§ **Directions for this task**:
Reproduce from the records below, with no pictures, exactly the lines between the one containing "国家公務員か地方公務員、自治" and the one containing "As the next", inclusive.

__________

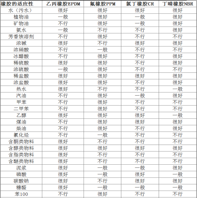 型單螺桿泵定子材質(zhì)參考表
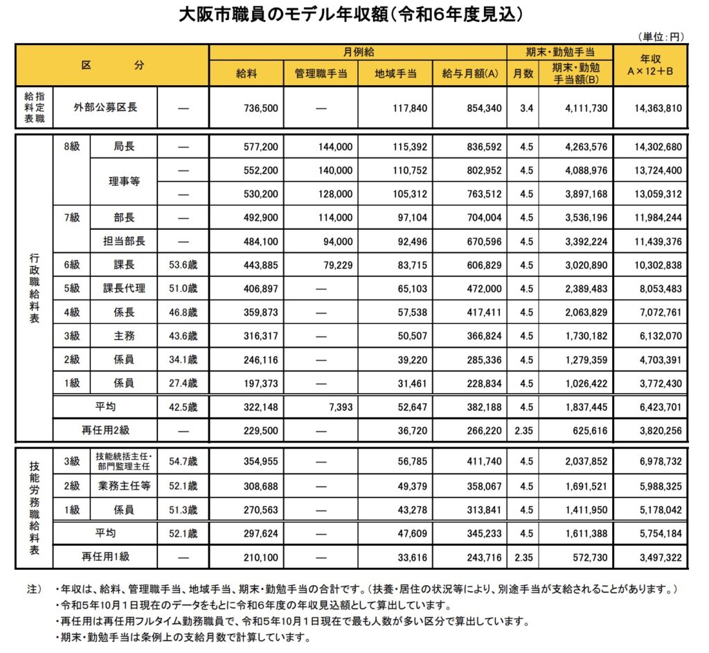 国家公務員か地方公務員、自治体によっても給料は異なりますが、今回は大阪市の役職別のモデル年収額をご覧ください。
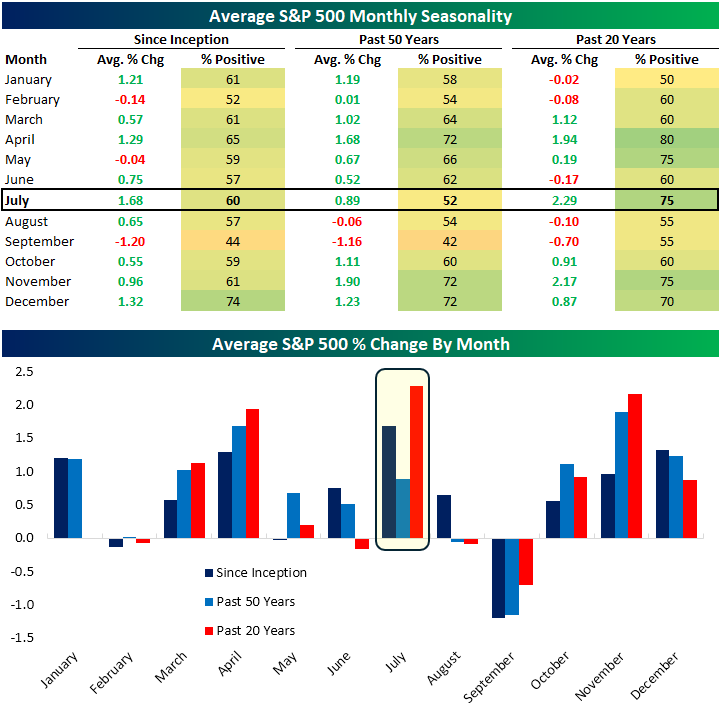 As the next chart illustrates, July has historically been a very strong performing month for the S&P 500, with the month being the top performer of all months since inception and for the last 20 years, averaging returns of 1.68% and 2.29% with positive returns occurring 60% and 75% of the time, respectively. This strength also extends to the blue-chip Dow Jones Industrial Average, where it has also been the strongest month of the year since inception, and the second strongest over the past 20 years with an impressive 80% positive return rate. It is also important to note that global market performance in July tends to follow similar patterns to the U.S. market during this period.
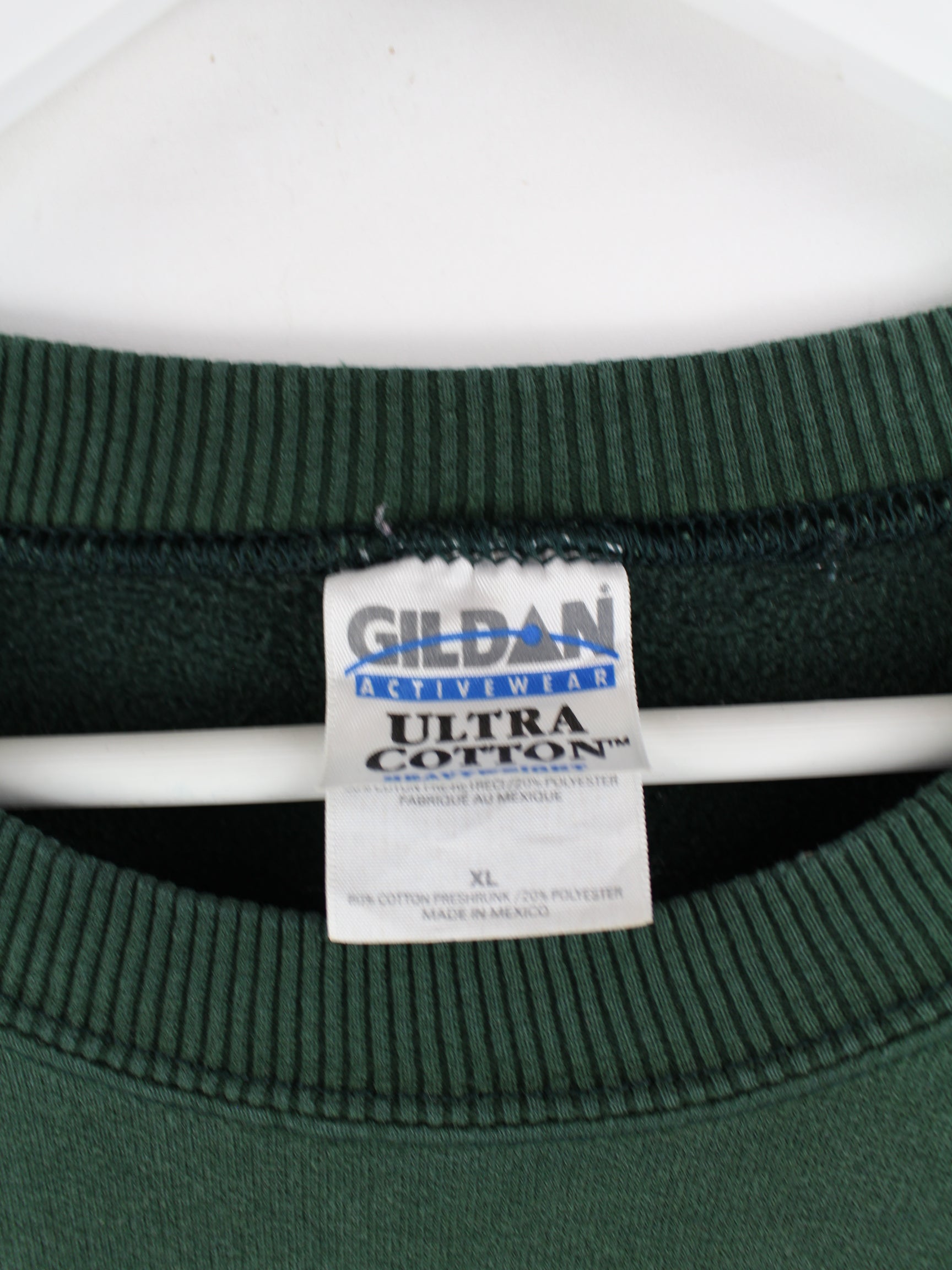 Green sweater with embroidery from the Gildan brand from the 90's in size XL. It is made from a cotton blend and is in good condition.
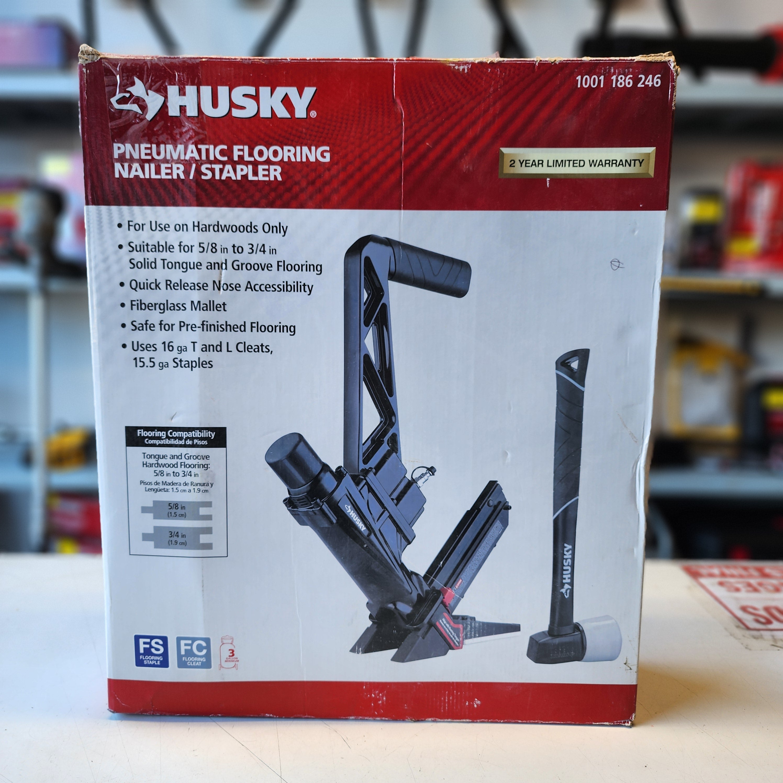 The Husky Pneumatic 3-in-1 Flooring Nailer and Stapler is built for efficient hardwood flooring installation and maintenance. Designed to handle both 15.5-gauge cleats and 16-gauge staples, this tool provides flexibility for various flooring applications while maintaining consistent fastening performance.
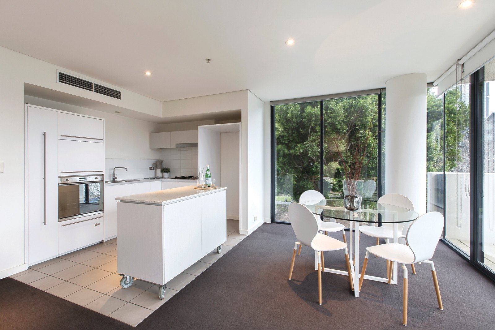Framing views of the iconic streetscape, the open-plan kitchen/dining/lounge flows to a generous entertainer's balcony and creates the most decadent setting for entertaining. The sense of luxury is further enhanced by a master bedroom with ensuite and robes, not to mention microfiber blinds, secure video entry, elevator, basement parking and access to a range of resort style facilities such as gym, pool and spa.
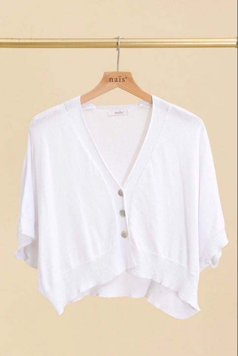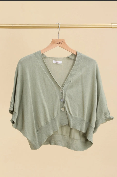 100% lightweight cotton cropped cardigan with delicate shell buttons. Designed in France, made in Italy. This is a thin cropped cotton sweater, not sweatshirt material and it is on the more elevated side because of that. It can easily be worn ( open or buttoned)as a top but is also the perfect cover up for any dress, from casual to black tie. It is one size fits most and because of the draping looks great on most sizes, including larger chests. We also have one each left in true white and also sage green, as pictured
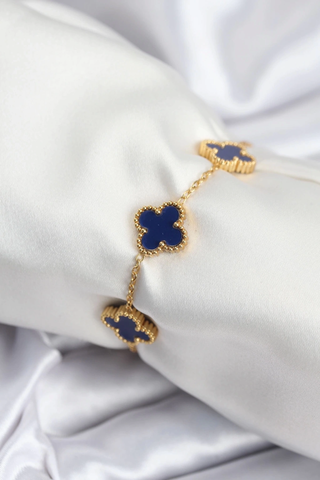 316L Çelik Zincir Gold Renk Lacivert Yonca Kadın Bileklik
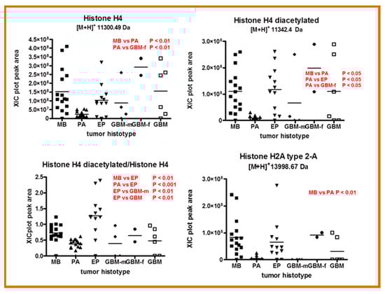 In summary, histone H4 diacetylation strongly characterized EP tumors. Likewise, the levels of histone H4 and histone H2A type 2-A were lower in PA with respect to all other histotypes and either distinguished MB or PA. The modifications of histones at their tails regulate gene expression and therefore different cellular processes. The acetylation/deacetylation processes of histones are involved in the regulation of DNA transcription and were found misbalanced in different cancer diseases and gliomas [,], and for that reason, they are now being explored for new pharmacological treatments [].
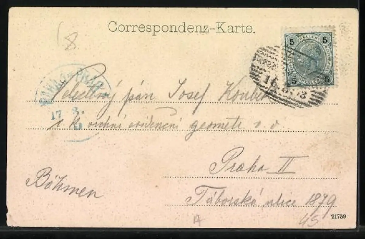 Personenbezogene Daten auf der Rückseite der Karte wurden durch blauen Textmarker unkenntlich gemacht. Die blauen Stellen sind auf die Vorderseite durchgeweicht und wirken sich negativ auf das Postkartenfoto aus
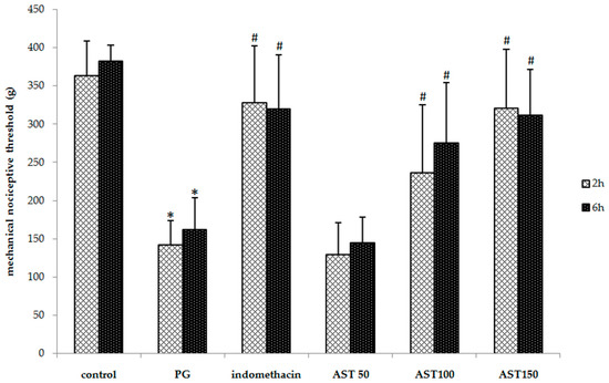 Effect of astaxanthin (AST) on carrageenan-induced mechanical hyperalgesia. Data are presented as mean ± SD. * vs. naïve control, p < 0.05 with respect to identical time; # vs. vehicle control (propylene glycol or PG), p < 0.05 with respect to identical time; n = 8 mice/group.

__________

§ **Written response**:
 国家公務員か地方公務員、自治体によっても給料は異なりますが、今回は大阪市の役職別のモデル年収額をご覧ください。
 As the next chart illustrates, July has historically been a very strong performing month for the S&P 500, with the month being the top performer of all months since inception and for the last 20 years, averaging returns of 1.68% and 2.29% with positive returns occurring 60% and 75% of the time, respectively. This strength also extends to the blue-chip Dow Jones Industrial Average, where it has also been the strongest month of the year since inception, and the second strongest over the past 20 years with an impressive 80% positive return rate. It is also important to note that global market performance in July tends to follow similar patterns to the U.S. market during this period.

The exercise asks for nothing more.